## EXERCISE DESCRIPTION
At the line with "件,國際排名第 4 位。", start transcribing; stop after the last line of the data below. Keep it exact and leave pictures out.

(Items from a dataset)
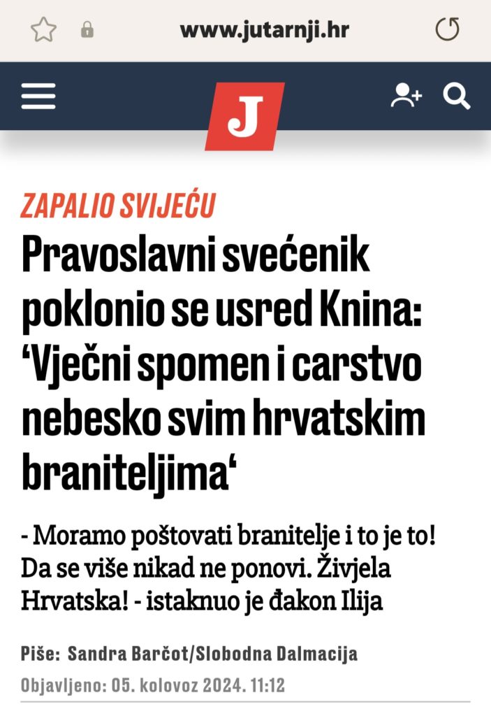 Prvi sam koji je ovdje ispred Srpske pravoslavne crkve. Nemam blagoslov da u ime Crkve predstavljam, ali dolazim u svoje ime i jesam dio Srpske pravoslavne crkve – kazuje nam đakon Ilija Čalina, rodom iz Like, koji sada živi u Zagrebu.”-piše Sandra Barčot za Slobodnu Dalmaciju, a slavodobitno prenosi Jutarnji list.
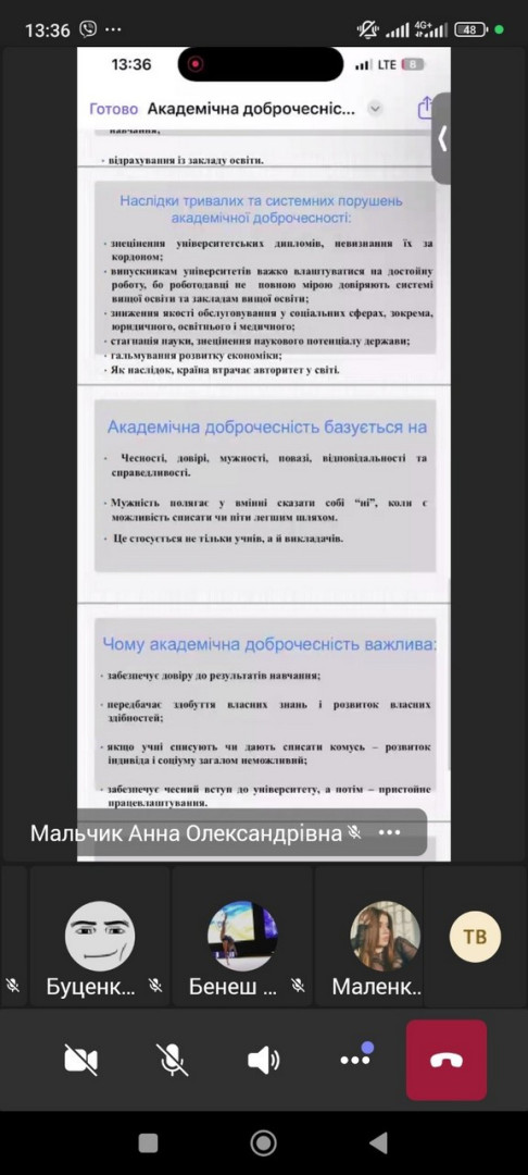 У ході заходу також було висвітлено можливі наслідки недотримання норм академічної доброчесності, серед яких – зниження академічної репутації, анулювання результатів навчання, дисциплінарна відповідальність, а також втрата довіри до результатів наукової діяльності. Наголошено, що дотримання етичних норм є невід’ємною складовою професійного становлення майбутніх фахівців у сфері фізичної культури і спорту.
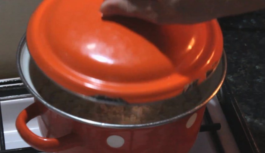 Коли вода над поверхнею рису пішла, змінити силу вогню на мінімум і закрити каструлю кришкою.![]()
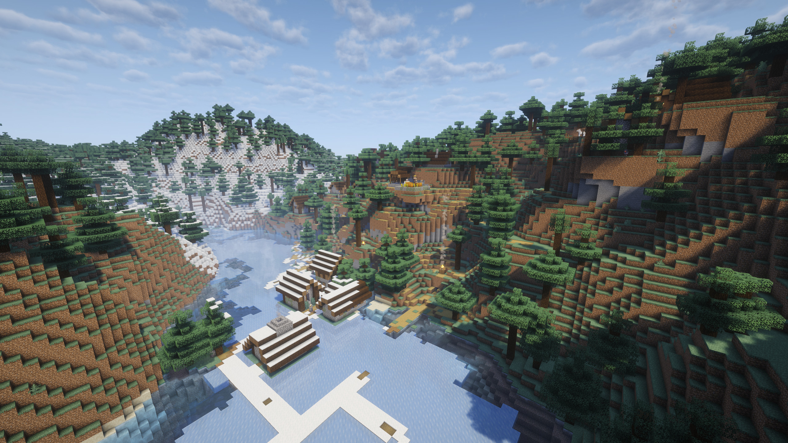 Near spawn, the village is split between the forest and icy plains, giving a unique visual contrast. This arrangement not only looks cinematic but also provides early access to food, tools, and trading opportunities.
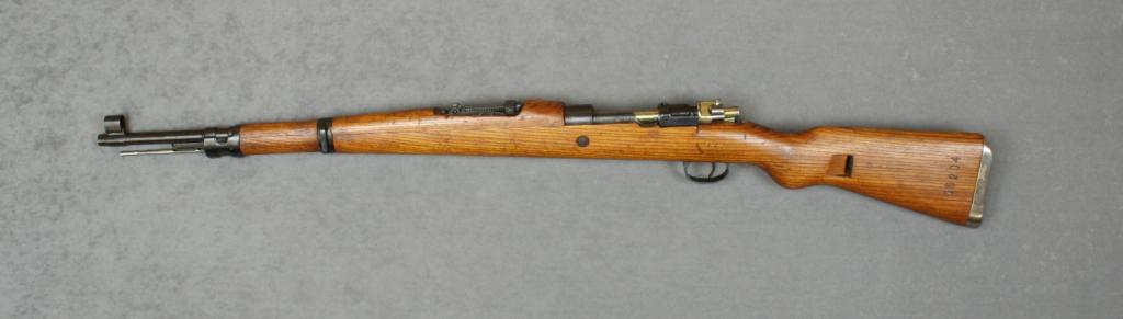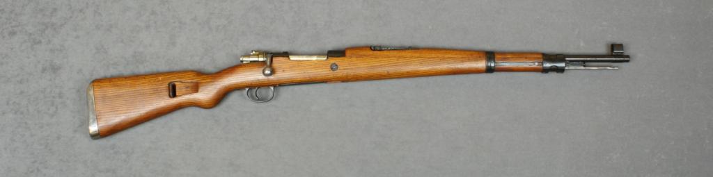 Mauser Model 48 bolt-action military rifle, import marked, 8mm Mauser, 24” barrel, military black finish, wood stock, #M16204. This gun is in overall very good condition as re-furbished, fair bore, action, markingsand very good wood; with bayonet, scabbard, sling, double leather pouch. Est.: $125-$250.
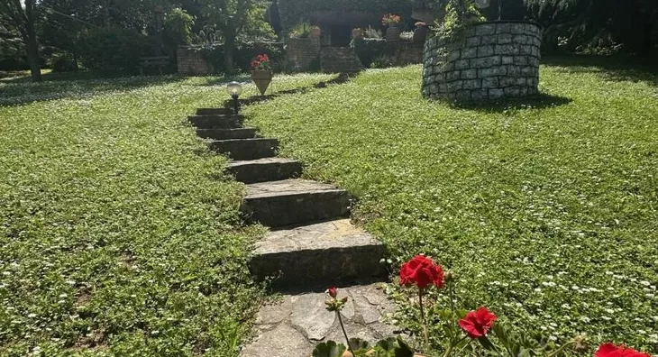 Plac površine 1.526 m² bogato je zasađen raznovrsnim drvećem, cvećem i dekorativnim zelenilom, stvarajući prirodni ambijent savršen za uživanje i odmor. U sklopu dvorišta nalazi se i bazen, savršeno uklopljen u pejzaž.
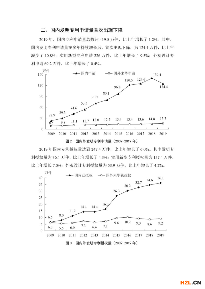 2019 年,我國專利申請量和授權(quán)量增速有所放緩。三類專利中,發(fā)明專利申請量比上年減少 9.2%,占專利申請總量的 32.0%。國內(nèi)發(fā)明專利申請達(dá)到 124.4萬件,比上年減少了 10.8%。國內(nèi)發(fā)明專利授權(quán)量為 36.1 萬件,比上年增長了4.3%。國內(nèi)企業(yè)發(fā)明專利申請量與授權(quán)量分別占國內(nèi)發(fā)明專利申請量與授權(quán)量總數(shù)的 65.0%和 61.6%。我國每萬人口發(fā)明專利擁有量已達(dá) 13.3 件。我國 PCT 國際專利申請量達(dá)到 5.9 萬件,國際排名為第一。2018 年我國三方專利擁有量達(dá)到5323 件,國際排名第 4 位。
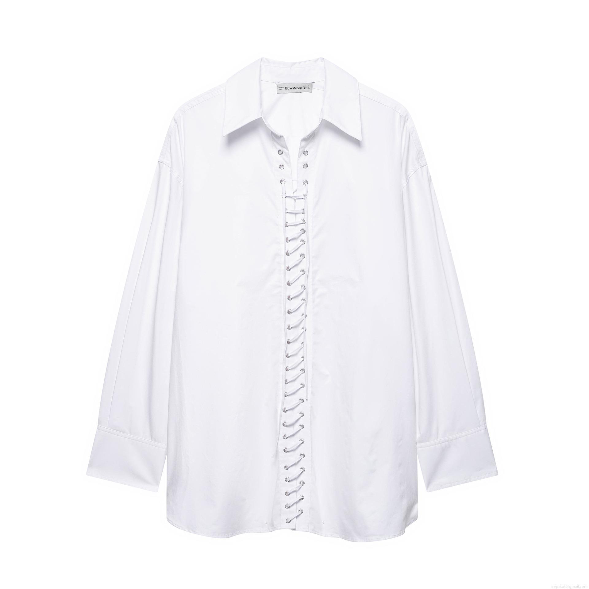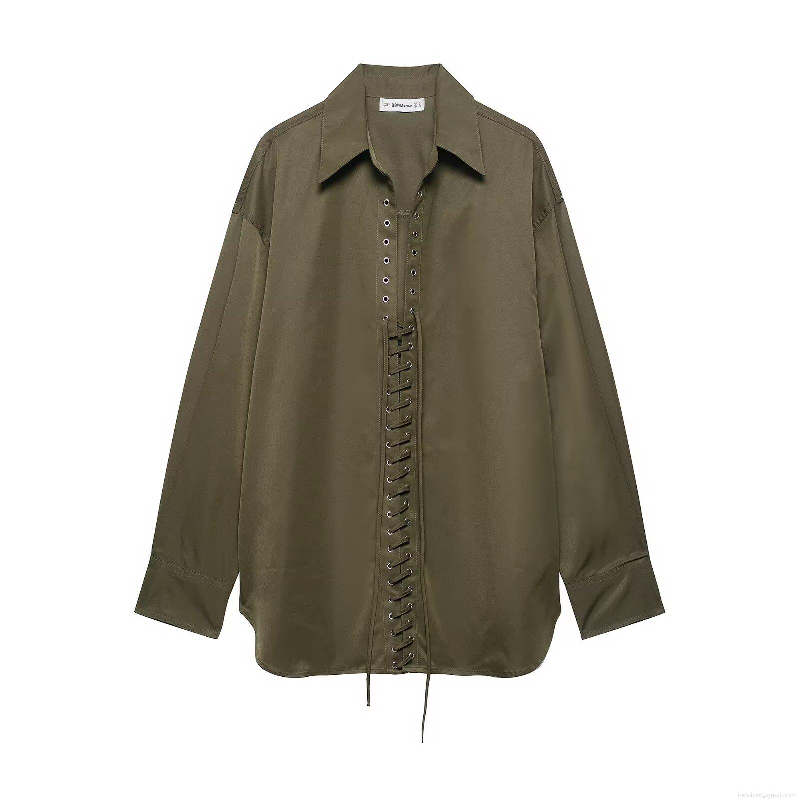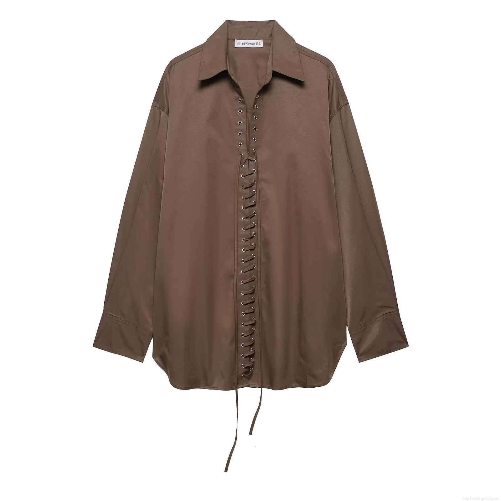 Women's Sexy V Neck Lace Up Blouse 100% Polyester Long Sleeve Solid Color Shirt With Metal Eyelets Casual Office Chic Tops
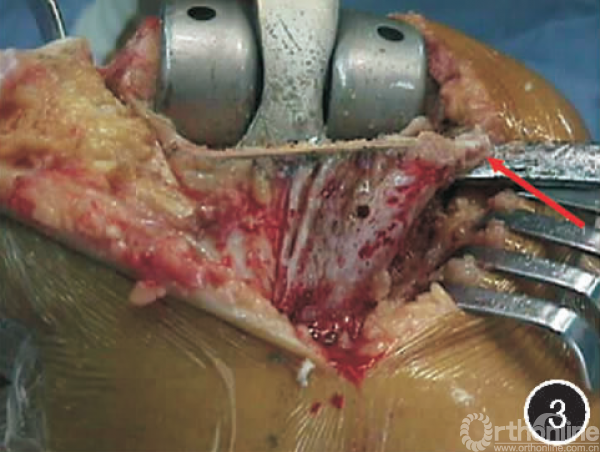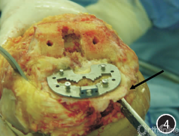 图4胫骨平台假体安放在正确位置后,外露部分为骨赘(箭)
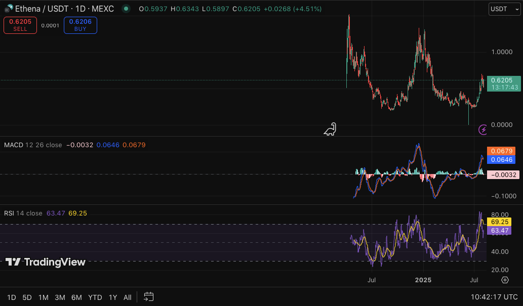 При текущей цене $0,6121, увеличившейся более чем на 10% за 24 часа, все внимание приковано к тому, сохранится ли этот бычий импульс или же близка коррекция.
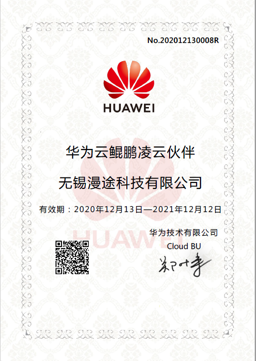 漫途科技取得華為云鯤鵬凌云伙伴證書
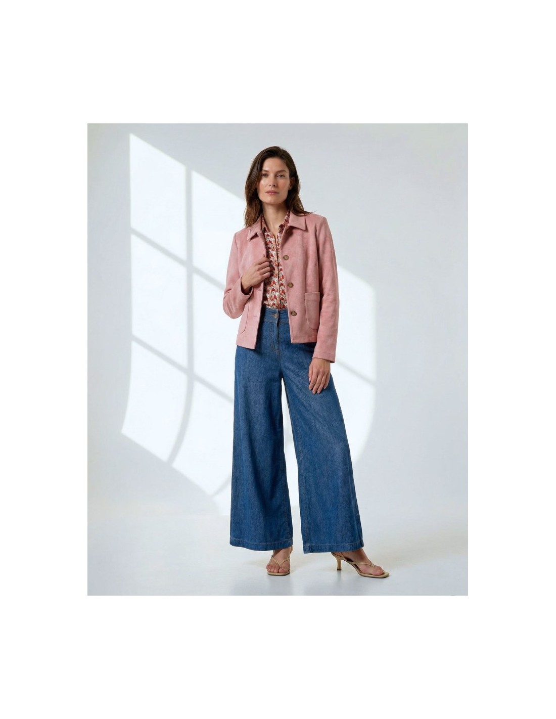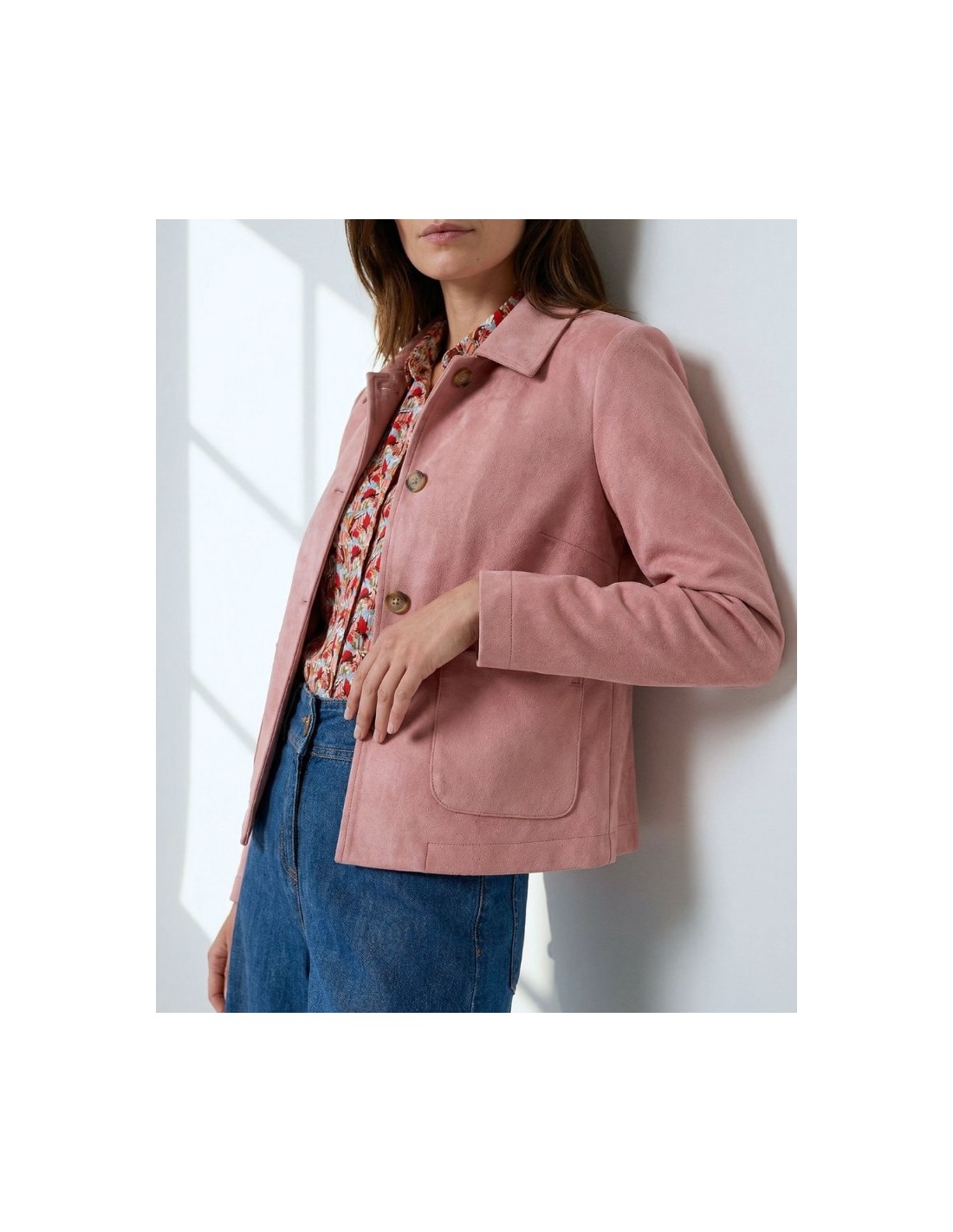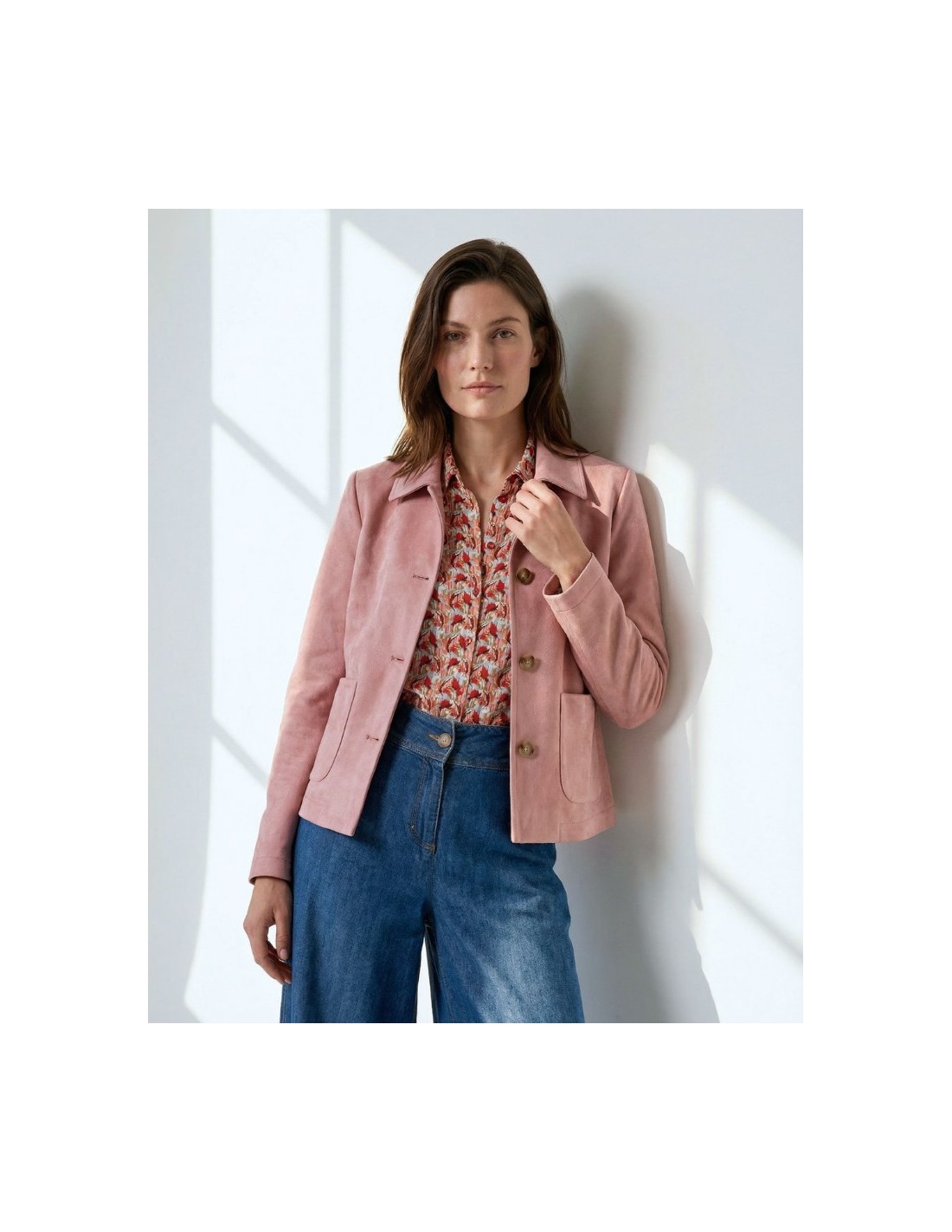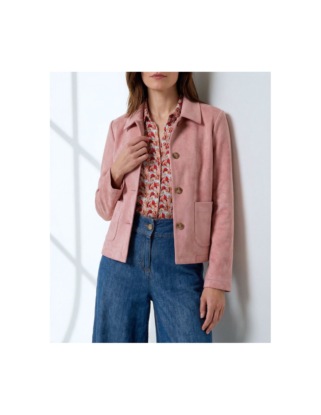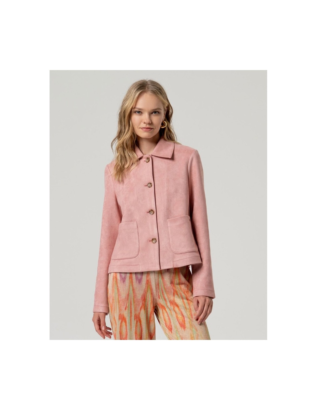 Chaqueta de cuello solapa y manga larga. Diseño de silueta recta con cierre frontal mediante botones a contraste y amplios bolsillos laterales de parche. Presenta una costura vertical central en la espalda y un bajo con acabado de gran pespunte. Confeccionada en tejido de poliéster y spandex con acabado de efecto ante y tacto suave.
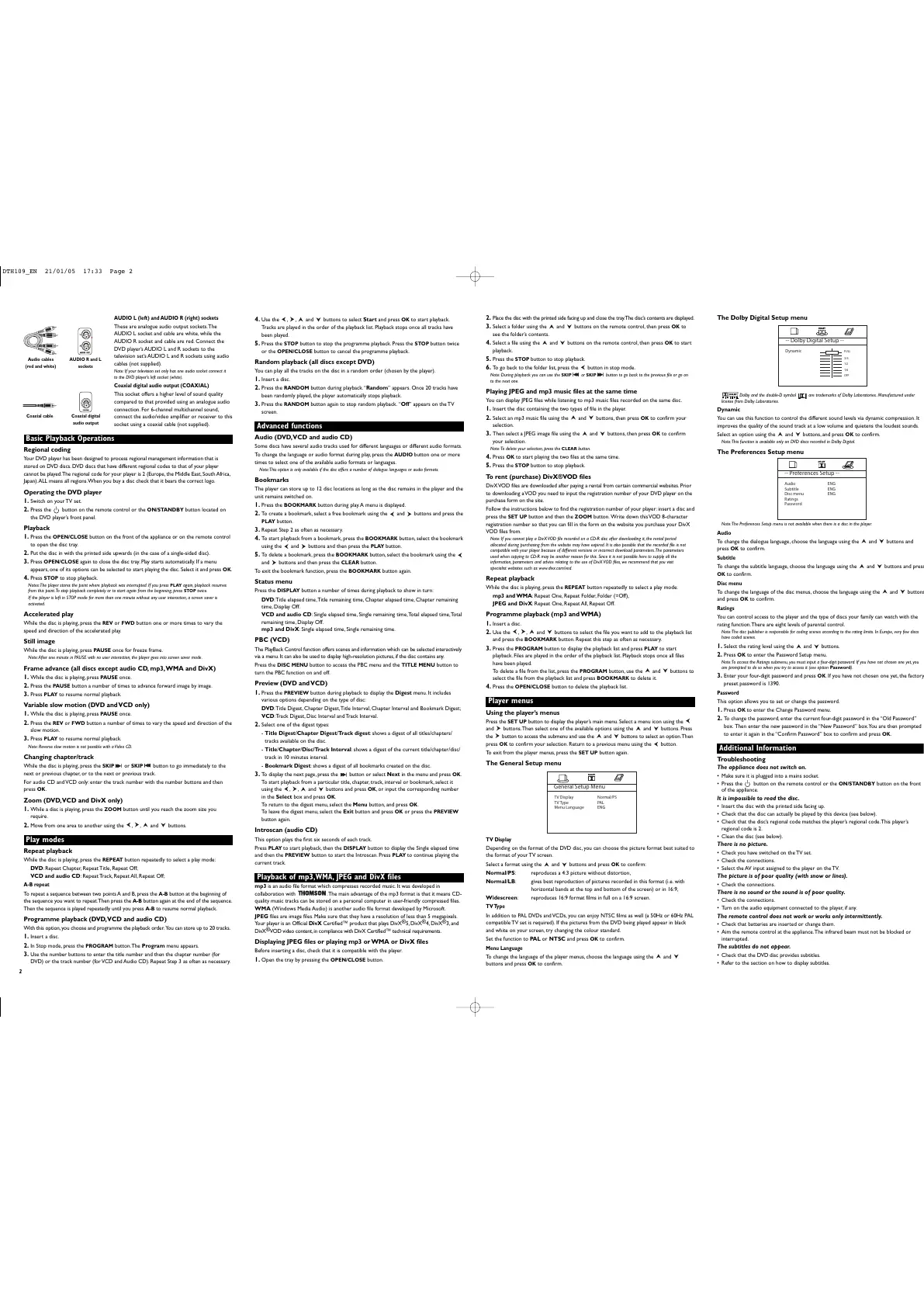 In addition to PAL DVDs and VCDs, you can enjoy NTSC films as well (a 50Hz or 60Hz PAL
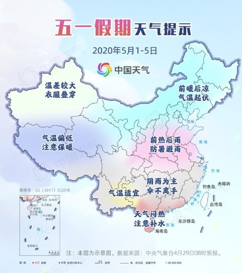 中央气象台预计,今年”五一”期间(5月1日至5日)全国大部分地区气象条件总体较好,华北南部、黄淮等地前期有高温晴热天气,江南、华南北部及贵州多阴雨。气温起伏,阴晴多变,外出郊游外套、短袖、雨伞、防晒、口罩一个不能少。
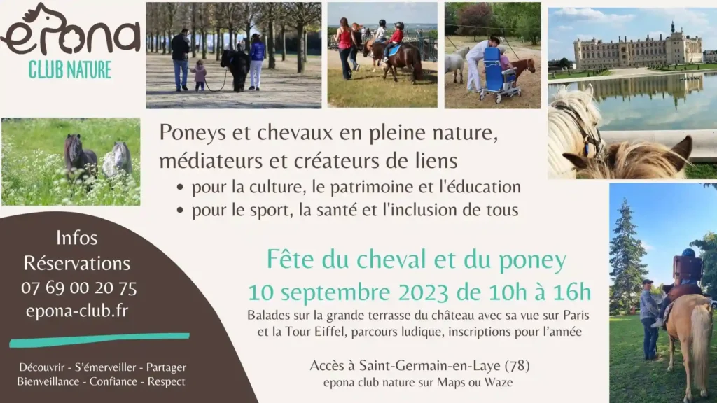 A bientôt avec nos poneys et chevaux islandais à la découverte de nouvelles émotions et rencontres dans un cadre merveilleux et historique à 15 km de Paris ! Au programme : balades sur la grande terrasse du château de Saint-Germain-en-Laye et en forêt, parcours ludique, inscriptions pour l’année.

## EXERCISE ANSWER
 2019 年,我國專利申請量和授權(quán)量增速有所放緩。三類專利中,發(fā)明專利申請量比上年減少 9.2%,占專利申請總量的 32.0%。國內(nèi)發(fā)明專利申請達(dá)到 124.4萬件,比上年減少了 10.8%。國內(nèi)發(fā)明專利授權(quán)量為 36.1 萬件,比上年增長了4.3%。國內(nèi)企業(yè)發(fā)明專利申請量與授權(quán)量分別占國內(nèi)發(fā)明專利申請量與授權(quán)量總數(shù)的 65.0%和 61.6%。我國每萬人口發(fā)明專利擁有量已達(dá) 13.3 件。我國 PCT 國際專利申請量達(dá)到 5.9 萬件,國際排名為第一。2018 年我國三方專利擁有量達(dá)到5323 件,國際排名第 4 位。
 Women's Sexy V Neck Lace Up Blouse 100% Polyester Long Sleeve Solid Color Shirt With Metal Eyelets Casual Office Chic Tops
 图4胫骨平台假体安放在正确位置后,外露部分为骨赘(箭)
 При текущей цене $0,6121, увеличившейся более чем на 10% за 24 часа, все внимание приковано к тому, сохранится ли этот бычий импульс или же близка коррекция.
 漫途科技取得華為云鯤鵬凌云伙伴證書
 Chaqueta de cuello solapa y manga larga. Diseño de silueta recta con cierre frontal mediante botones a contraste y amplios bolsillos laterales de parche. Presenta una costura vertical central en la espalda y un bajo con acabado de gran pespunte. Confeccionada en tejido de poliéster y spandex con acabado de efecto ante y tacto suave.
 In addition to PAL DVDs and VCDs, you can enjoy NTSC films as well (a 50Hz or 60Hz PAL
 中央气象台预计,今年”五一”期间(5月1日至5日)全国大部分地区气象条件总体较好,华北南部、黄淮等地前期有高温晴热天气,江南、华南北部及贵州多阴雨。气温起伏,阴晴多变,外出郊游外套、短袖、雨伞、防晒、口罩一个不能少。
 A bientôt avec nos poneys et chevaux islandais à la découverte de nouvelles émotions et rencontres dans un cadre merveilleux et historique à 15 km de Paris ! Au programme : balades sur la grande terrasse du château de Saint-Germain-en-Laye et en forêt, parcours ludique, inscriptions pour l’année.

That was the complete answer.